- López in a c. 1980 police mugshot
- Born: Pedro Alonso López 5 October 1948 (age 77) (if still alive) Tolima Department, Colombia
- Disappeared: 22 September 1999 (aged 50) Bogotá, Colombia
- Other names: El Monstruo de los Andes (The Monster of the Andes) El Estrangulador de los Andes (The Strangler of the Andes) Pedro Alonso López Monsalve Pedro Armando López
- Criminal status: Released in 1998
- Convictions: Vehicle theft, murder, rape, kidnapping
- Criminal penalty: 7-year sentence in Colombia, extended to 9 due to in-prison homicide (1969–1978); 16-year sentence in Ecuador, released after 14 years (1980–1994); committed to mental hospital in Colombia (1994–1998)

Details
- Victims: 110–300+
- Span of crimes: 1969–1980
- Country: Colombia, Ecuador, Peru
- States: Tolima (Colombia) Tungurahua (Ecuador) Ayacucho (Peru)
- Date apprehended: 9 March 1980 (first arrest for serial murders)

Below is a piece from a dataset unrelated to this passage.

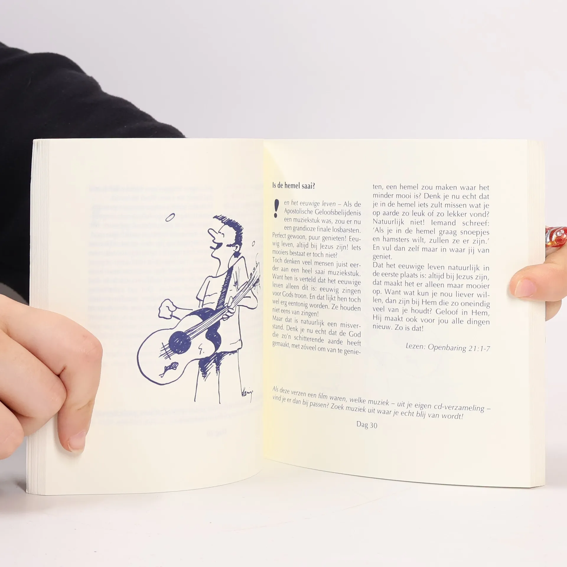 Samenvatting van het geloof in negentig korte stukjes. Voorzien van een bijbelgedeelte en een vraag of opdracht. Met schetsmatige blauw/zwarte tekeningen. Vanaf ca. 12 jaar.

= Pedro López (serial killer) =

Colombian serial killer (born 1948)

Pedro Alonso López (born 5 October 1948 – disappeared 22 September 1999), also known as the Monster of the Andes, was (or is depending on whether or not he is still alive) a Colombian serial killer, child rapist, and fugitive who murdered a minimum of 110 people, mostly pre-teen girls, from 1978 to 1980. López claimed to have murdered over 300 people in Colombia, Ecuador, and Peru. He is considered by many as one of the most prolific serial killers and rapists in history.

==Early life==
Pedro Alonso López was born on 5 October 1948 in Tolima Department, Colombia, (Note: López and his mother stated that his birth date was 5 October 1948 and that he was born in El Espinal, while later sources give the birthdate 8 October in 1948 or 1949, and the birthplaces Santa Isabel or Venadillo.) as the seventh of thirteen children born to Benilda López de Castañeda, a laundry worker. The family formerly lived in Saldaña, where his father Midardo Reyes, a rancher by trade, was murdered six months before López's birth in an ambush shooting while defending a neighbouring hamlet during La Violencia. Benilda stated that Midardo was a local leader of a self-protection group aligned with the Colombian Liberal Party, while later accounts describe him as a member of the Conservative Party. Benilda subsequently fled the area for her mother's home in El Espinal, where, bedridden out of grief, she remained under the care of midwives until her son's birth.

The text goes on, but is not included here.